PSD announces it too will confirm diploma vetoed by President Marcelo
President Marcelo’s veto last week of the diploma restoring the parish council map to the way it was before Portugal’s €79 billion bailout looks as if it was simply a blip in a process that will prevail, no matter what the expense.
PSD parliamentary leader Hugo Soares has announced that the party (holding the fragile reins of minority government) will confirm its support for the disaggregation of parishes sent back to parliament last week – justifying the decision with ‘expectations already created among the population’.
This announcement gels with the intentions of almost all the other parties, albeit Soares said in a statement that he did believe the message given to parliament by the president should be listened to.
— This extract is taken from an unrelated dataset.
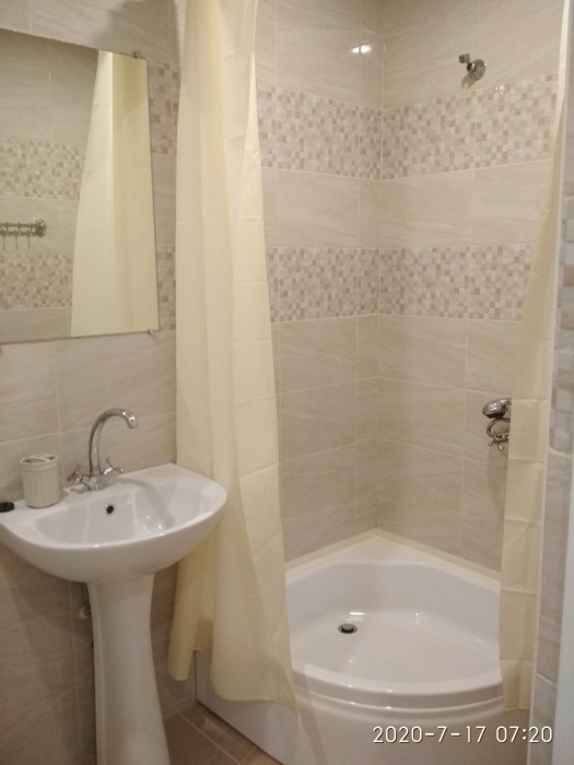 Трехместная комната эконом на первом этаже. Внутри душ туалет,телевизор ,вентилятор. Кухня общая холодильник на кухне.

To be fair, changing its vote at this stage would only have reflected badly on the PSD, which needs to keep the faith of the electorate.
One of the reasons for Marcelo’s veto lies in the fact that municipal elections are only months away, and he doubts that there is time to restore the 135 parish councils ‘absorbed’ in a cost-cutting exercise by the troika of bailout lenders (European Commission, European Central Bank and International Monetary Fund).
According to the Constitution of the Republic, in the event of a presidential veto, parliament can confirm the text of the vetoed diploma by an absolute majority of MPs in office – 116 out of 230 in this case. The President is then bound to promulgate the diploma within eight days of its receipt.
To make this majority of 116, the PSD’s votes will be decisive, since CHEGA abstained on the decree appealing to the President of the Republic for a veto, and Iniciativa Liberal voted against (and will be maintaining that stance).